1:28:05There's no way that I'd sabotage my cold email. I'm sorry mate, but if you believe it to be true, you will act it out even if it seems counterproductive or counterintuitive to you getting what you want.
1:28:16You know, it's it's like it's it's the same thing with like homeless people. Right?
1:28:22It's tragic and it breaks my heart but some homeless people, they in their mind, their belief system, they believe that they deserve to be homeless. They believe that.
1:28:31Right? And so even if you put them in a house and you you gave them shelter and food and water, they would reject it because they deserve they believe to be homeless.
1:28:42Now that's not every homeless person I'm sure and I've never been homeless so I can't exactly comment but I'm sure that that's that's the case with quite a few of them. Right? Same thing.
1:28:51If you believe that you are an alcoholic, then you're going to drink even if you don't want to.
1:28:59So, you know, this is the interesting thing about all these identities and all these beliefs like, you know, if you believe you're bad at sales. It's like, well well, why?
1:29:08Why do you believe you're bad at sales? Well, maybe when you were 14, you tried to sell a Pokemon card to someone and they said no.
1:29:19And that person said, my dad said you're terrible at sales. And then you've just you've just that was the initial experience, and then you've just sought to confirm it, and then and then that's it.
1:29:31Now you just believe these things, they're not bloody real. I mean they are real but they're not anything except from you just telling yourself that they are.
1:29:41Thing like your beliefs are only real because you believe they are real. There's nothing else to it than that. There's no other measurement.
1:29:51You know, it's like if you're if you're if you're if you're like let's say that you're overweight and you you're like, oh, I can't lose weight.
1:30:00Okay. It's impossible for me to lose weight no matter how hard I try. Bollocks, bullshit.
1:30:05That's not the objective truth because thermodynamics exists and if you put yourself enough of a calorie deficit, you will lose weight by the laws of physics and nature.

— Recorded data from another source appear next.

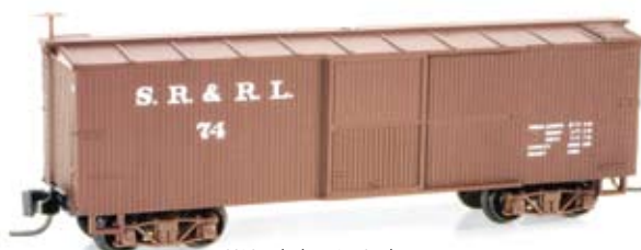
30' Standard Box Car, Single Door Sandy River & Rangeley Lakes • Rd# 74 Item #800 00 150...$14.65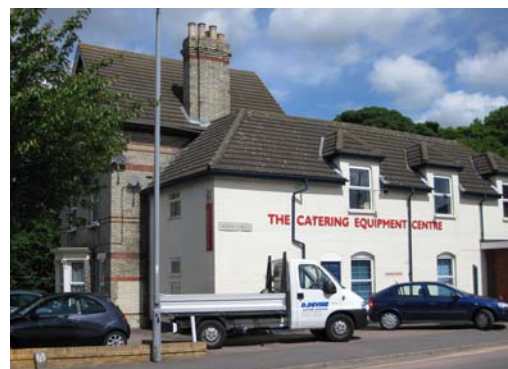
Catering Equipment Centre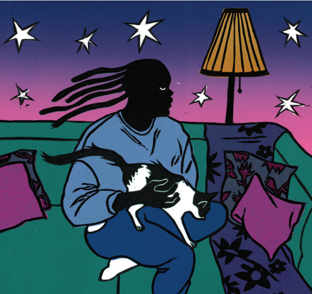
An example of reductive lino cut called “Dusk” by Khadijah Morley

The reductive linocut method involves creating colourful prints by carving away different layers from lino block. Students learn how to carve and print multi-layered linocuts by hand. This method is accessible and fun to do.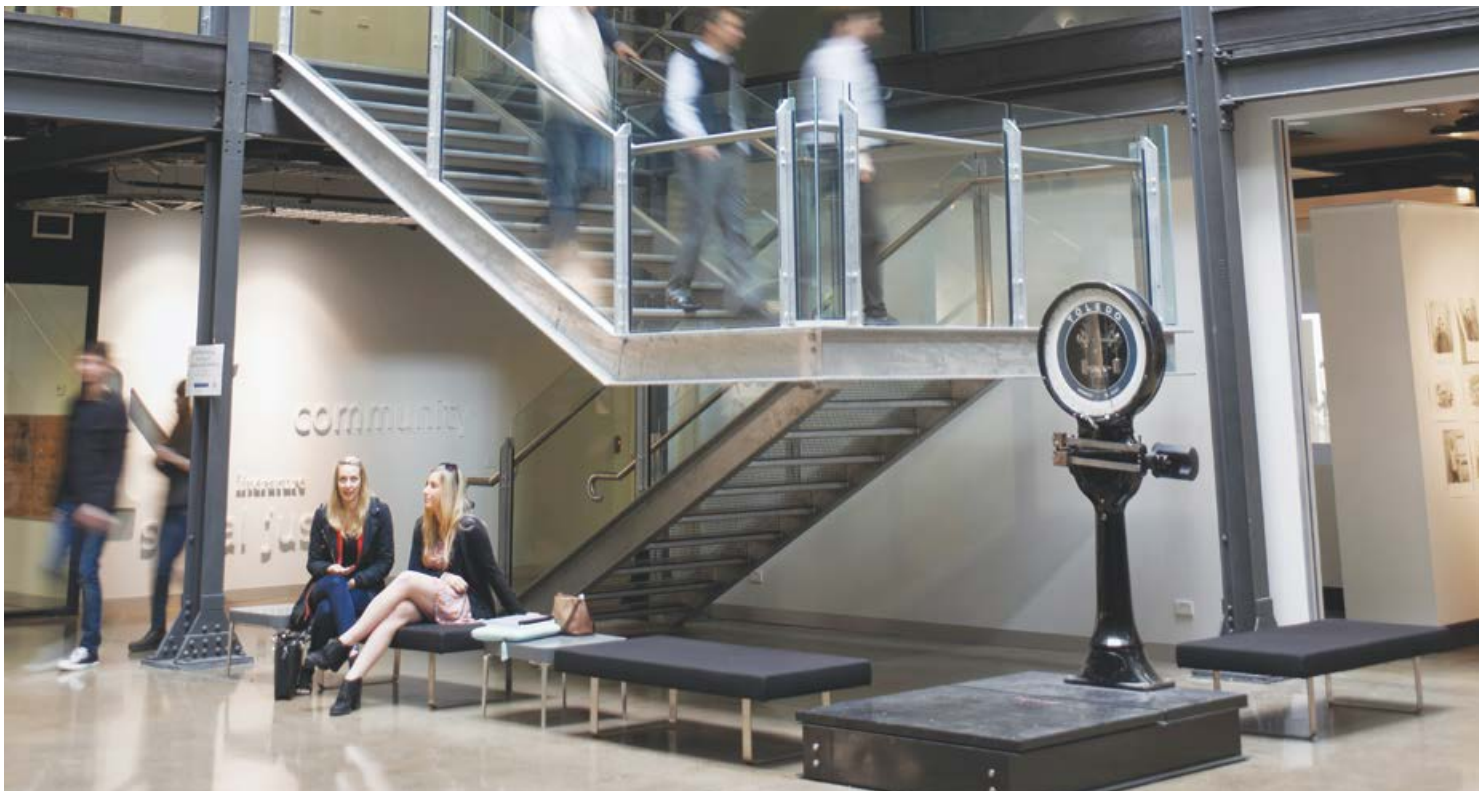
Geelong Waterfront Campus

Information and business analytics at Deakin spans the full spectrum of the value chain of information, from the harnessing and storage of information to the analysis of that information and evidence-based decision-making that adds value to organisations and society. Our research and teaching programs explore and examine the role and use of information in developing creative and innovative approaches for organisations to improve their strategic and operational performance, as well as how society can better use information networks and technologies to enhance the quality of life and community aspirations.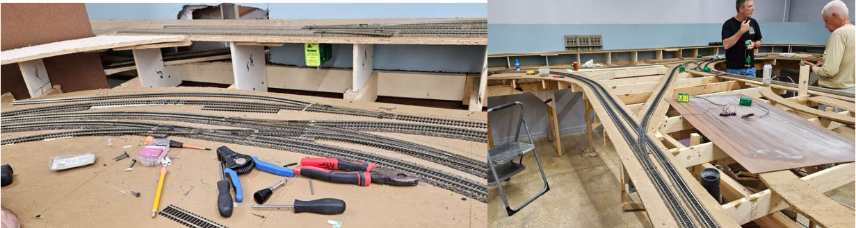
The elevated section heading to Port Charles (upper)

Here are some overall photos of the progress.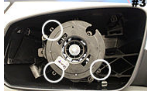
3 Retaining tabs (circled) hold the mirror glass in place.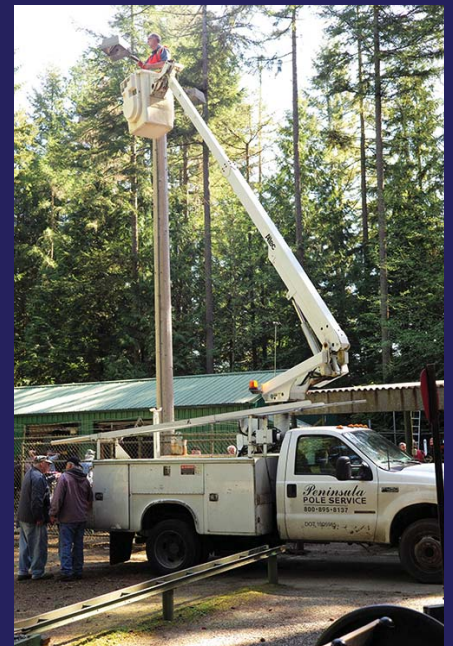
New 50 Watt LED's have been installed.

Thank you to those that have already renewed and thank you for the donations.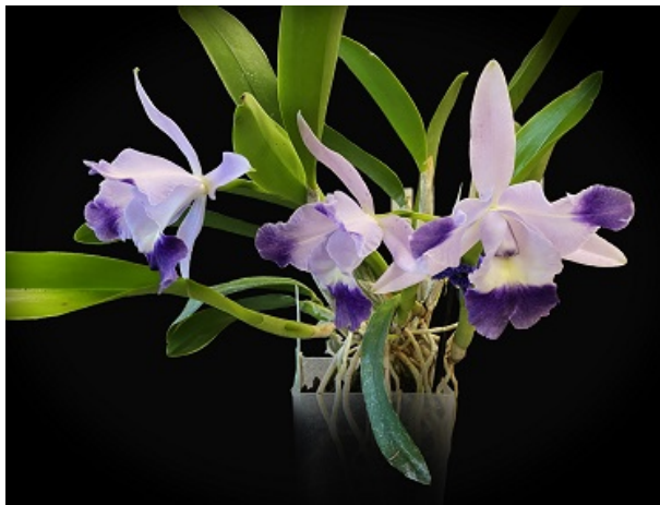
Sandra Gray's Cattleya Cariad's Mini-Quinee 'Angel Kiss' (Mini Purple x intermedia )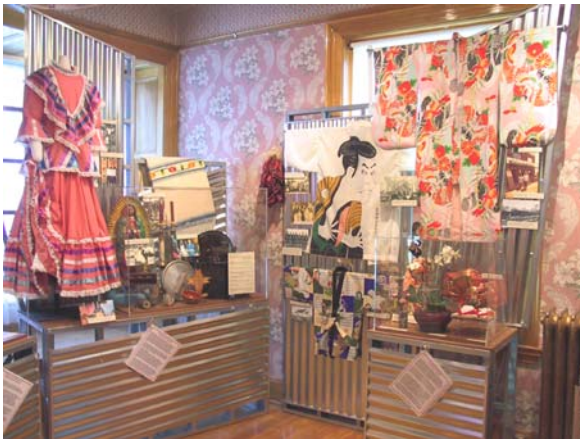
Left: Come & visit our latest exhibit 'Opening Doors, Opening Eyes' now through January 2005.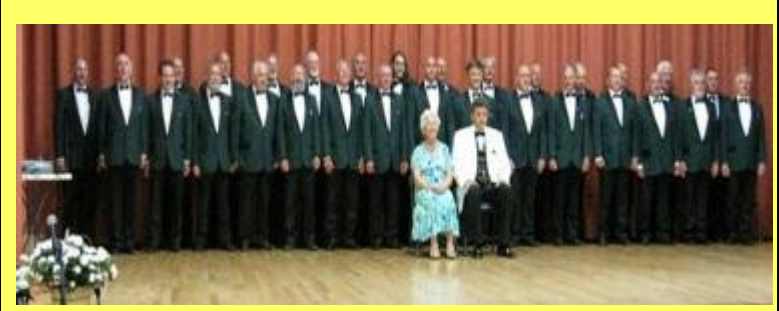
Marizon Apollo Men's Choir from Cornwall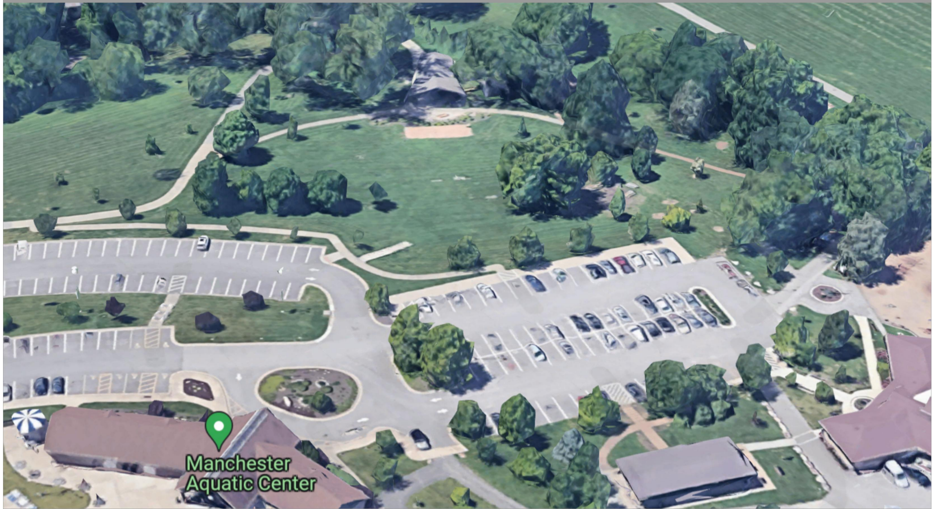
Schroeder Park, Manchester, MO – Birdseye view

1:30:16Sure. It might be slightly harder for you to lose weight than other people, but it's not. You can't go around saying stuff like it's impossible for me to lose weight because that would mean that you're quite literally through your existence breaking the laws of physics and thermodynamics.
1:30:31Not possible. So all of these things that you believe to be true, you only believe them because you tell yourself you believe them, and then you act them out, and then your life is the way it is because you believe them.
1:30:42But then you become attached to them, and you defend them to the to the death even though they don't serve you and they hold you back and sometimes even kill you. That's all all it is. All these belief things are are just these little stories that you've told yourself, nothing else.
1:30:56That's it. That's all it is. And a positive feedback loop or also known as amplification happens when a cause creates an effect which feeds back into the cause which creates an exponential effect over time.
1:31:10So you might remember this from week one where we talked about this with with these feedback loops where, you know, we have a cause and the cause creates an effect, and what happens is the effects feeds back into the cause and, you know, we get this sort of feedback loop.
1:31:25So more cause means more effect, which means more cause which means more effect. So, you know, if you say like, if your belief is I cannot lose weight no matter what, then what's gonna happen is that's gonna create your behavior which is like kind of the effect which is you just eating more and not bothering to go to the gym which then means that you confirm your belief, you you know, you're never gonna lose weight and it just cycles and cycles and cycles and before you know it, you you die of a heart disease.
1:31:51Another example is if you're in an audience and someone starts clapping. So let's say that you're in an audience and the show finishes and someone starts clapping.
1:32:00Well, if one person claps and another person's gonna clap, which means another person's gonna clap and another and it just goes it goes round and round and round and round. And then eventually, one person stops clapping and then another person stops clapping next to them and then another person stops clapping and then it goes round, round, round, round, round until no one's clapping anymore.
1:32:17And, you know, if you work out then you're gonna eat cleaner because you don't wanna waste your workout. And if you eat cleaner, then you're gonna workout more because if you're eating clean, you wanna put the calories and the the protein to good use.
1:32:29Which means that by working out you eat clean up, but when you eat clean you workout more and then round, round, round, round. And positive feedback loops create exponential results like this. So, you know, it goes up and then down, and and it amplifies and it's at the beginning, it it won't be much and much and much, but then bang.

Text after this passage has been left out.